=== TASK DETAILS ===
Restate exactly, and only, the lines from the one with "4.啟動底盤發(fā)動機,采用氣吹水,吹干滯留在左右噴" through the end of the data, with both of those end lines kept. Drop any pictures.

*** DATA PROVIDED ***

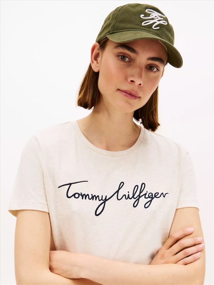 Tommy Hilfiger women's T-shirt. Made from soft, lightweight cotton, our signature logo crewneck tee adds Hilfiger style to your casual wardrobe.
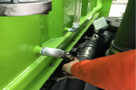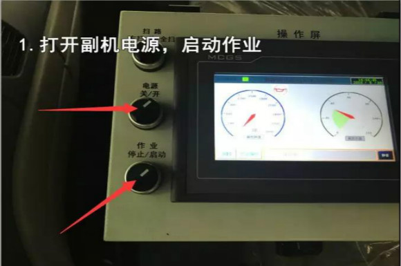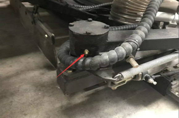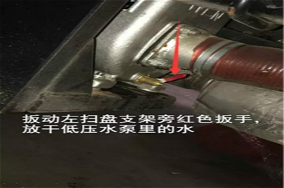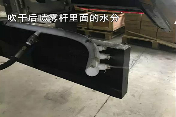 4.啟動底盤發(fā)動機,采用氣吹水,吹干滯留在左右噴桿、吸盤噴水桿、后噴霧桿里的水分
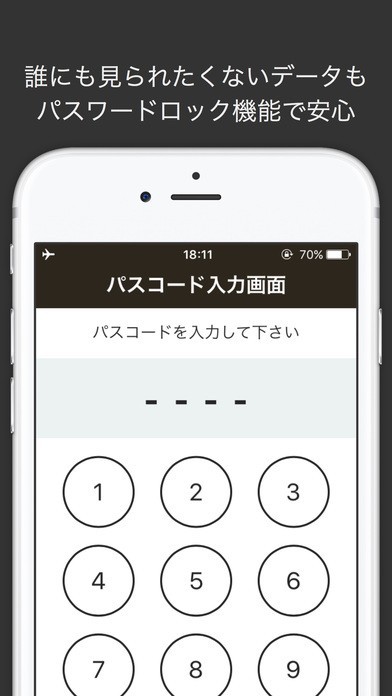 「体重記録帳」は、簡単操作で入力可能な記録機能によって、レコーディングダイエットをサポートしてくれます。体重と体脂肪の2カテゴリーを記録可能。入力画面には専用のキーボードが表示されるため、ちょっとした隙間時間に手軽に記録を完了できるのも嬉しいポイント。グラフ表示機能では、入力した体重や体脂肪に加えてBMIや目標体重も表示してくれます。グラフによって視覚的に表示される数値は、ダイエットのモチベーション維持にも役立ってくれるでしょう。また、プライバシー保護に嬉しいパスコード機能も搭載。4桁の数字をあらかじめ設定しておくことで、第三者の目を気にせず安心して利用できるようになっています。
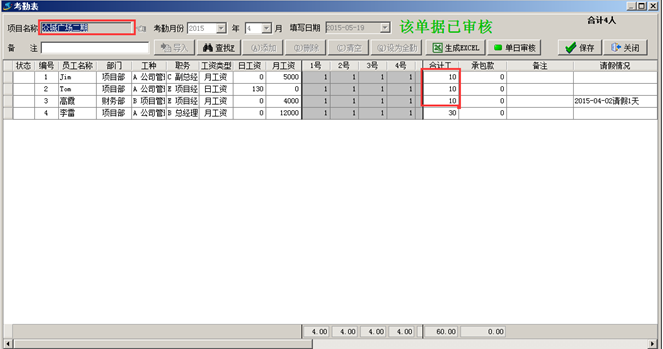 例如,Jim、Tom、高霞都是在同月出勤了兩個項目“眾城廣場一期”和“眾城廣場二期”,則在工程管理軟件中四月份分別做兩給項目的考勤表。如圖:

*** End of DATA PROVIDED ***

=== TASK OUTPUT ===
 4.啟動底盤發(fā)動機,采用氣吹水,吹干滯留在左右噴桿、吸盤噴水桿、后噴霧桿里的水分
 「体重記録帳」は、簡単操作で入力可能な記録機能によって、レコーディングダイエットをサポートしてくれます。体重と体脂肪の2カテゴリーを記録可能。入力画面には専用のキーボードが表示されるため、ちょっとした隙間時間に手軽に記録を完了できるのも嬉しいポイント。グラフ表示機能では、入力した体重や体脂肪に加えてBMIや目標体重も表示してくれます。グラフによって視覚的に表示される数値は、ダイエットのモチベーション維持にも役立ってくれるでしょう。また、プライバシー保護に嬉しいパスコード機能も搭載。4桁の数字をあらかじめ設定しておくことで、第三者の目を気にせず安心して利用できるようになっています。
 例如,Jim、Tom、高霞都是在同月出勤了兩個項目“眾城廣場一期”和“眾城廣場二期”,則在工程管理軟件中四月份分別做兩給項目的考勤表。如圖:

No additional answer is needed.